**MATERIAL PROVIDED**
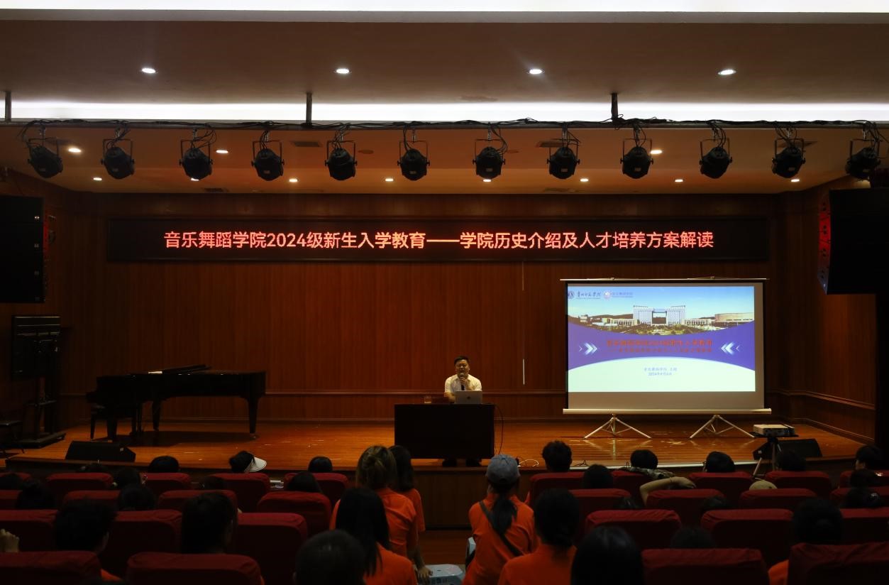 教学事务管理科科长刘科开展《教学常规知识介绍》讲座,使新生们对大学的学习、生活有了更清晰的认识。李金容老师开展《党团学生组织发展》讲座,她介绍了学院党、团学生组织的架构、活动内容和重要作用。音乐系主任刘昊佳、舞蹈系高蕾老师为新生介绍了专业的课程体系、师资力量、教学设施和就业前景等方面的内容。
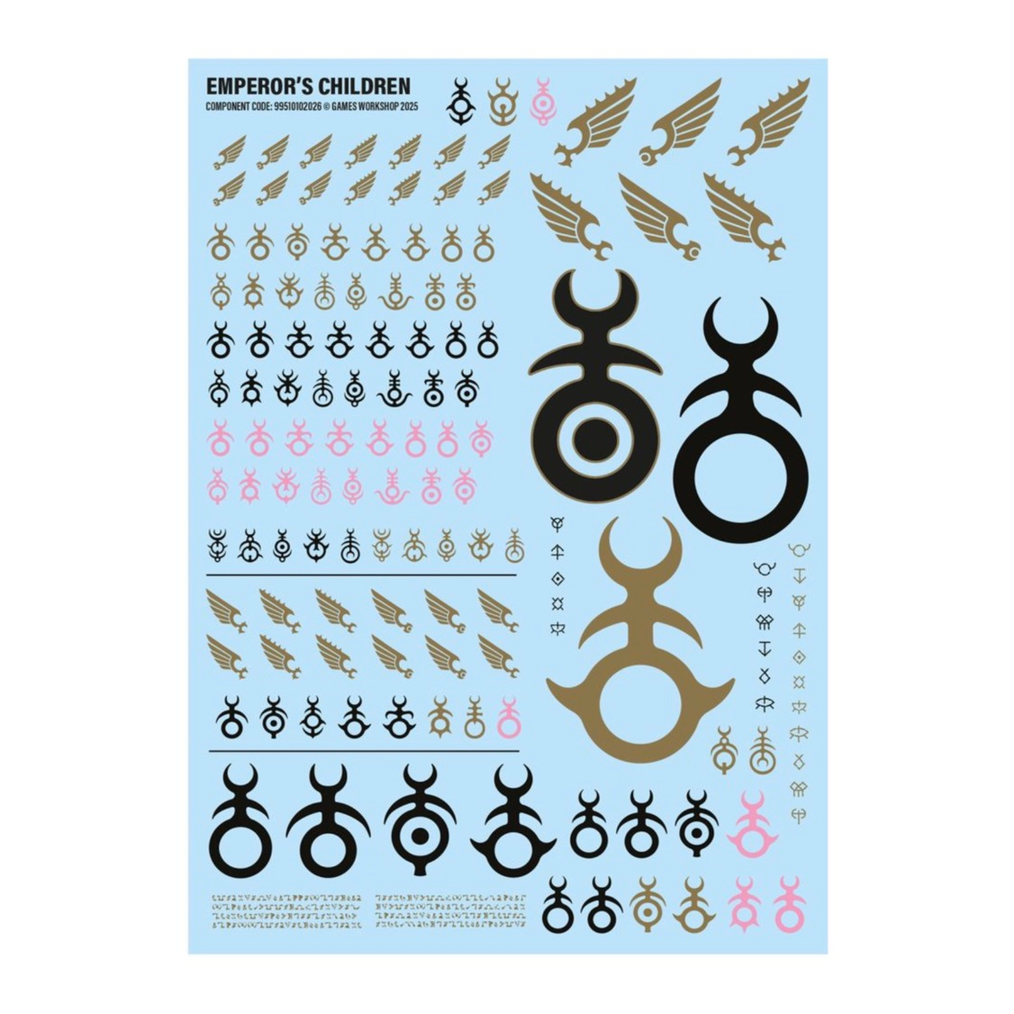 This kit is supplied with 4x Emperor’s Children Transfer Sheets, each containing 150 high-quality waterslide transfers to decorate your miniatures. These include Emperor’s Children symbols in a variety of colours and sizes, plus a selection of twisted Slaaneshi runes and script.
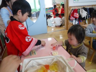 きりん組のお友達が、店員さんになって売ってくれました。
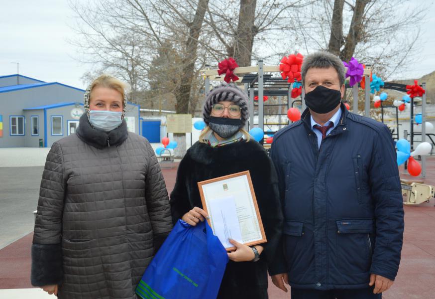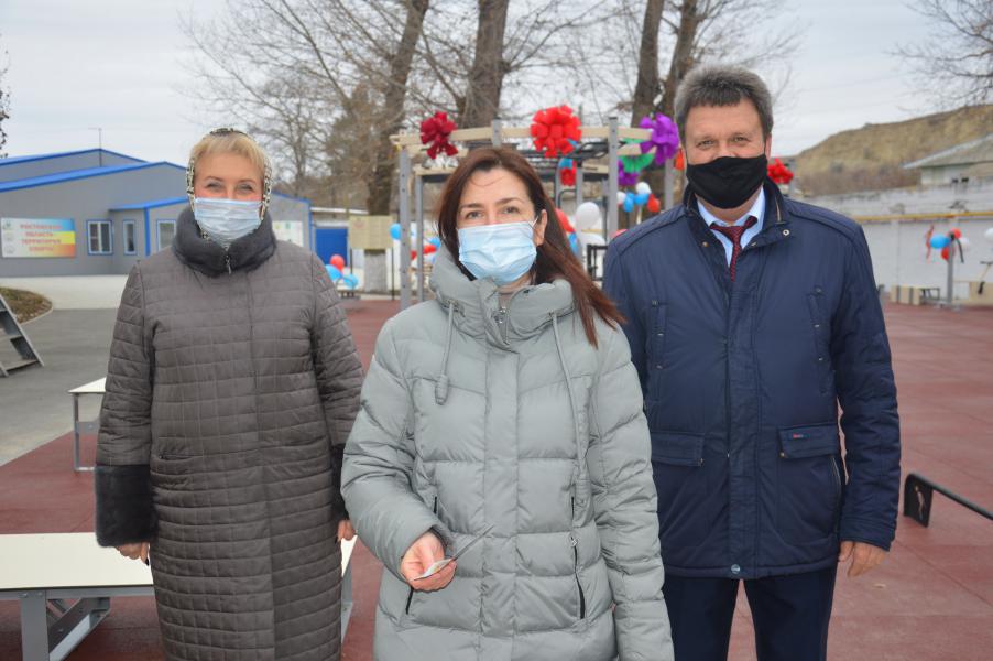 Глава Администрации района Ольга Мельникова и заместитель министра по физической культуре и спорту Ростовской области Игорь Злобин открыли спортивную площадку

**TRY IT**
Reproduce the listing exactly, images omitted.

**SOLVED EXERCISE**
 教学事务管理科科长刘科开展《教学常规知识介绍》讲座,使新生们对大学的学习、生活有了更清晰的认识。李金容老师开展《党团学生组织发展》讲座,她介绍了学院党、团学生组织的架构、活动内容和重要作用。音乐系主任刘昊佳、舞蹈系高蕾老师为新生介绍了专业的课程体系、师资力量、教学设施和就业前景等方面的内容。
 This kit is supplied with 4x Emperor’s Children Transfer Sheets, each containing 150 high-quality waterslide transfers to decorate your miniatures. These include Emperor’s Children symbols in a variety of colours and sizes, plus a selection of twisted Slaaneshi runes and script.
 きりん組のお友達が、店員さんになって売ってくれました。
 Глава Администрации района Ольга Мельникова и заместитель министра по физической культуре и спорту Ростовской области Игорь Злобин открыли спортивную площадку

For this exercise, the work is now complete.